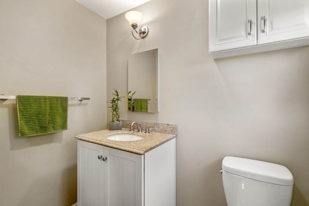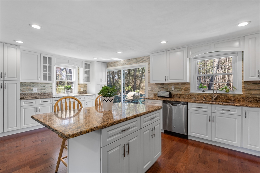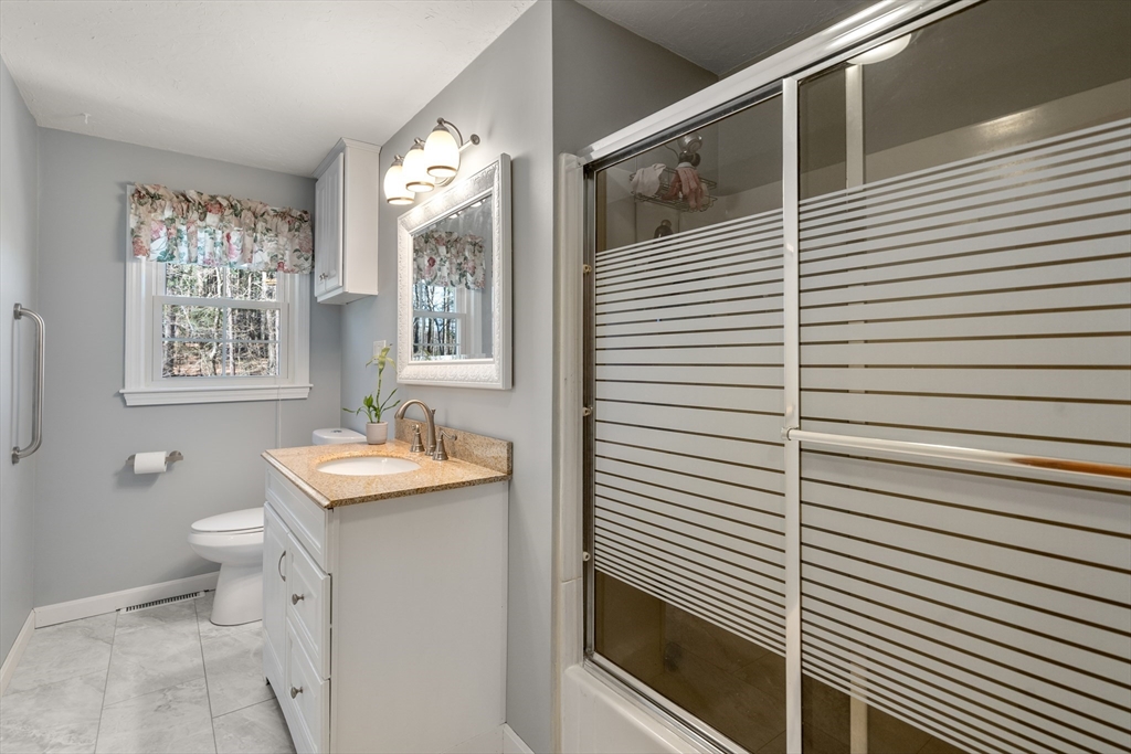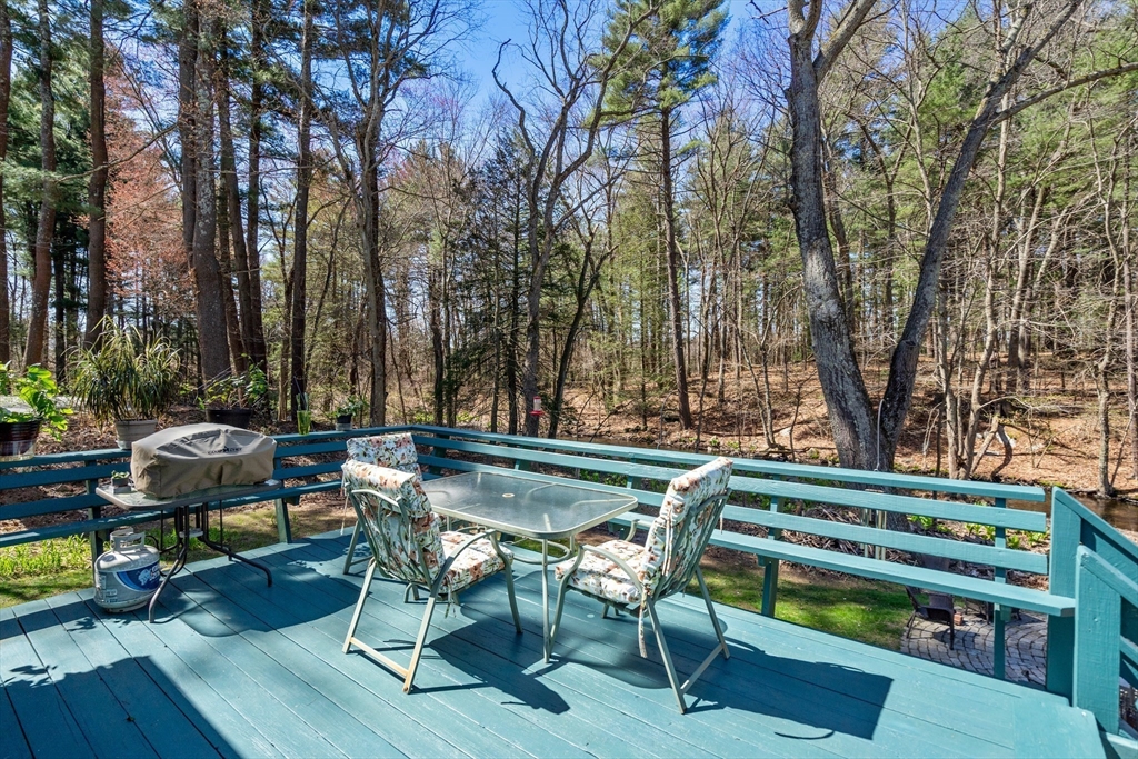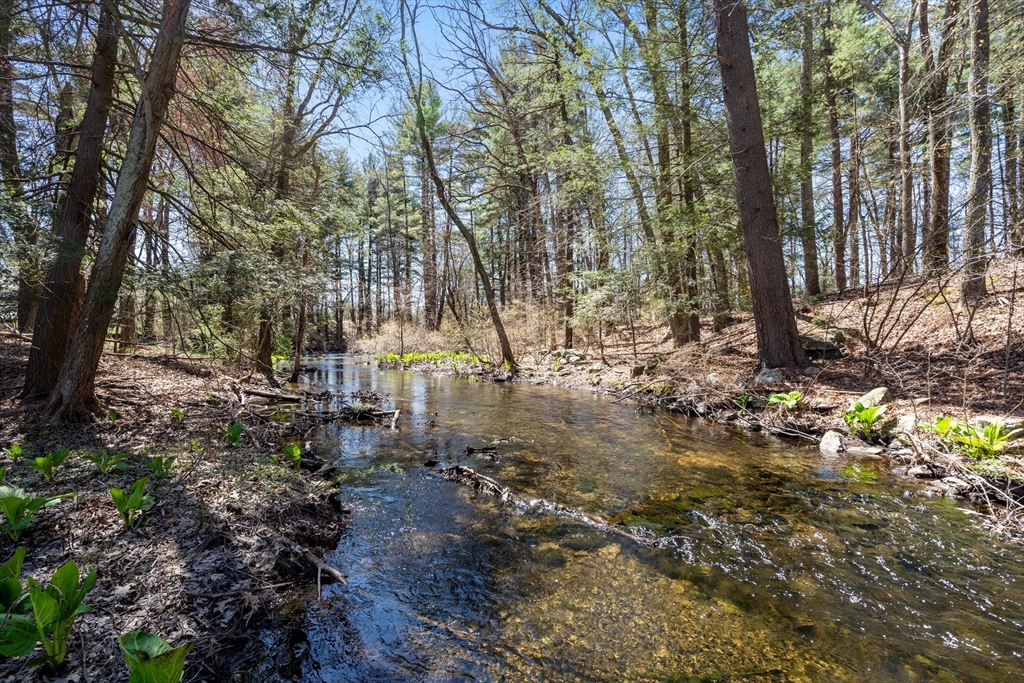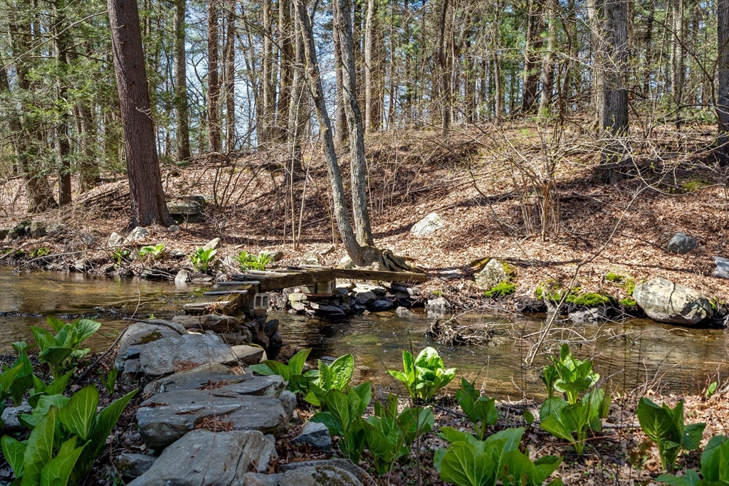 Nestled in a tranquil, sought-after neighborhood, this captivating split-entry home presents a perfect blend of modern living and serene retreat. Step inside and be greeted by the warm ambiance of the living room, enhanced by a fireplace and elegant cherry wood floors that extend into the kitchen. The kitchen itself is a modern delight, equipped with a island, granite countertops, and recessed lighting with a slider that opens to an inviting outdoor deck. The open-concept dining area amplifies the home's welcoming feel, making it perfect for gatherings large or small. Three well-proportioned bedrooms, with the primary bedroom featuring a private half bath for added convenience. Downstairs, the family room offers a second fireplace. Step outside to your personal oasis where a quaint bridge over a stream leads to hiking trails through adjacent conservation land, and a patio with a firepit provides the perfect setting for evenings. Complete with a one-car garage!
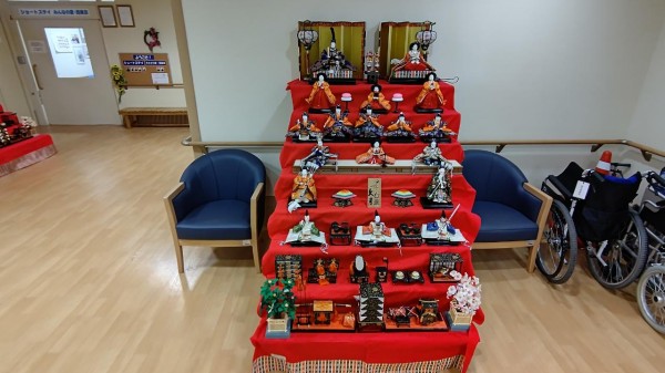 毎年恒例の雛飾りを設置しました!(^^)!なかなか立派な飾りなので
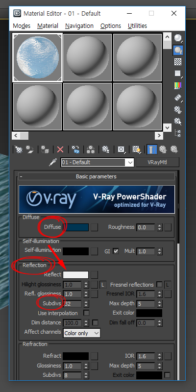 2)브이레이 재질(VRayMtl)에서 diffuse의 색상을 설정하고 reflection의 reflect 색상을 설정합니다.
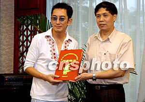 九月十三日,香港演藝界影視紅星吳啟華先生接受由廣州電視臺(tái)副臺(tái)長頒發(fā)的第十一屆“美在花城”準(zhǔn)決賽評(píng)委聘書。作者:劉衛(wèi)勇
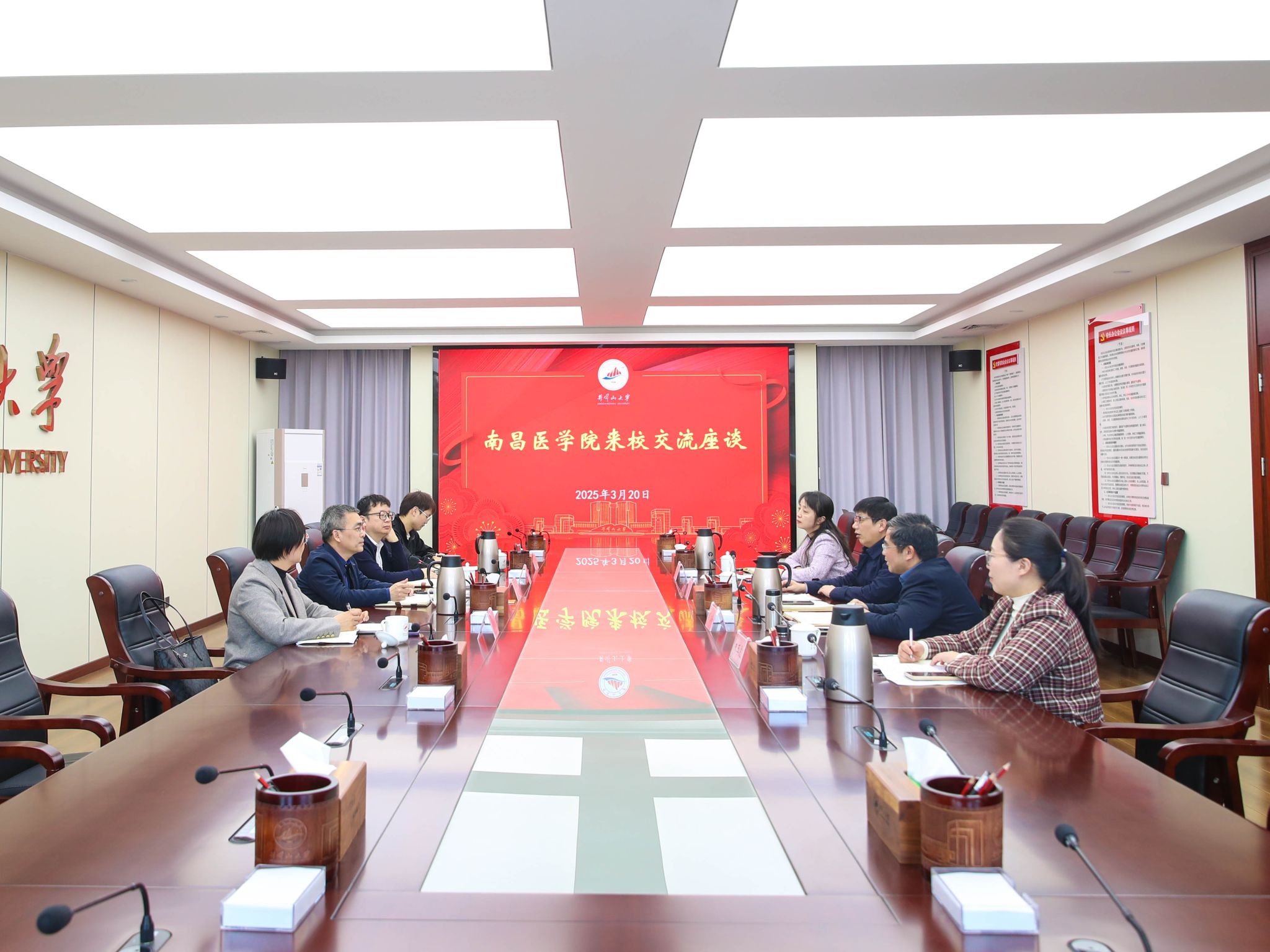 3月20日,南昌医学院党委委员、副院长杨锋一行4人来我校开展交流座谈。双方围绕人事管理、科研协同创新等议题深入探讨,共话高质量发展新路径,为深化两校合作奠定基础。校党委副书记、校长罗旭彪出席,党委副书记肖宜安主持会议。罗旭彪向杨锋一行来校交流表示热烈欢迎,并简要介绍了我校近年来的发展状况,以及是我校在人事管理改革和科研创新方面的一些尝试。罗旭彪表示,南昌医学院是一所具有鲜明医学特色的高等学府,在临床医学教育、...
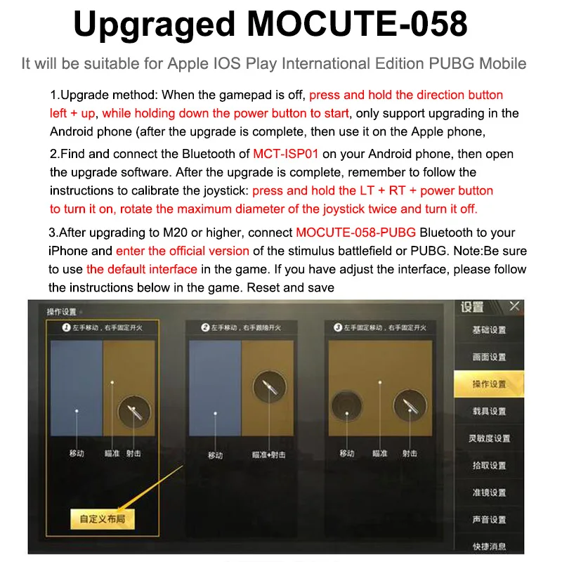 3. После обновления до M20 или выше, подключите MOCUTE-058-PUBG Bluetooth к вашему iPhone и войдите в официальные версии программы stimism battlefield или UBG.
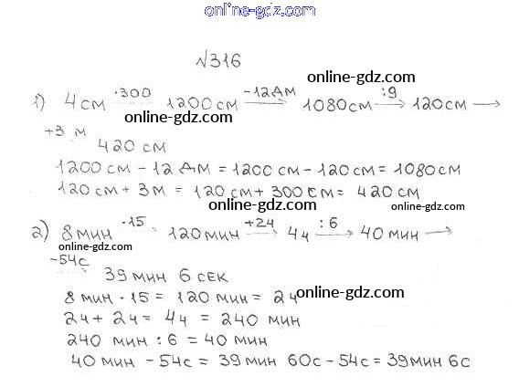 Готовые домашние задания по Математике за 5 класс Учебник Мерзляк, Полонский Алгоритм успеха 2016 - §12. Виды углов. Измерение углов Глава 2. Сложение и вычитание натуральных чисел 316
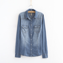 WWMM春秋新款韩版显瘦上衣水洗薄款打底牛仔衬衫女休闲长袖衬衣潮
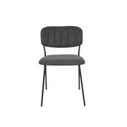 Des ambiances rétro et des couleurs neutres créent la belle et simple chaise Jolien. Un dossier canalisé rembourré combiné à une fine structure tubulaire enduite de poudre noire se joint à un siège rembourré gris foncé solide, ajoutant un confort et une touche supplémentaire à votre expérience culinaire à la maison.

------------------------------------

When you reach the line containing "毎年恒例の雛飾りを設置しました!(^^)!なかなか立派な飾りなので" in the entries above, please retype it and each line after it through the last one, exactly, without the pictures.

 毎年恒例の雛飾りを設置しました!(^^)!なかなか立派な飾りなので
 2)브이레이 재질(VRayMtl)에서 diffuse의 색상을 설정하고 reflection의 reflect 색상을 설정합니다.
 九月十三日,香港演藝界影視紅星吳啟華先生接受由廣州電視臺(tái)副臺(tái)長頒發(fā)的第十一屆“美在花城”準(zhǔn)決賽評(píng)委聘書。作者:劉衛(wèi)勇
 3月20日,南昌医学院党委委员、副院长杨锋一行4人来我校开展交流座谈。双方围绕人事管理、科研协同创新等议题深入探讨,共话高质量发展新路径,为深化两校合作奠定基础。校党委副书记、校长罗旭彪出席,党委副书记肖宜安主持会议。罗旭彪向杨锋一行来校交流表示热烈欢迎,并简要介绍了我校近年来的发展状况,以及是我校在人事管理改革和科研创新方面的一些尝试。罗旭彪表示,南昌医学院是一所具有鲜明医学特色的高等学府,在临床医学教育、...
 3. После обновления до M20 или выше, подключите MOCUTE-058-PUBG Bluetooth к вашему iPhone и войдите в официальные версии программы stimism battlefield или UBG.
 Готовые домашние задания по Математике за 5 класс Учебник Мерзляк, Полонский Алгоритм успеха 2016 - §12. Виды углов. Измерение углов Глава 2. Сложение и вычитание натуральных чисел 316
 WWMM春秋新款韩版显瘦上衣水洗薄款打底牛仔衬衫女休闲长袖衬衣潮
 Des ambiances rétro et des couleurs neutres créent la belle et simple chaise Jolien. Un dossier canalisé rembourré combiné à une fine structure tubulaire enduite de poudre noire se joint à un siège rembourré gris foncé solide, ajoutant un confort et une touche supplémentaire à votre expérience culinaire à la maison.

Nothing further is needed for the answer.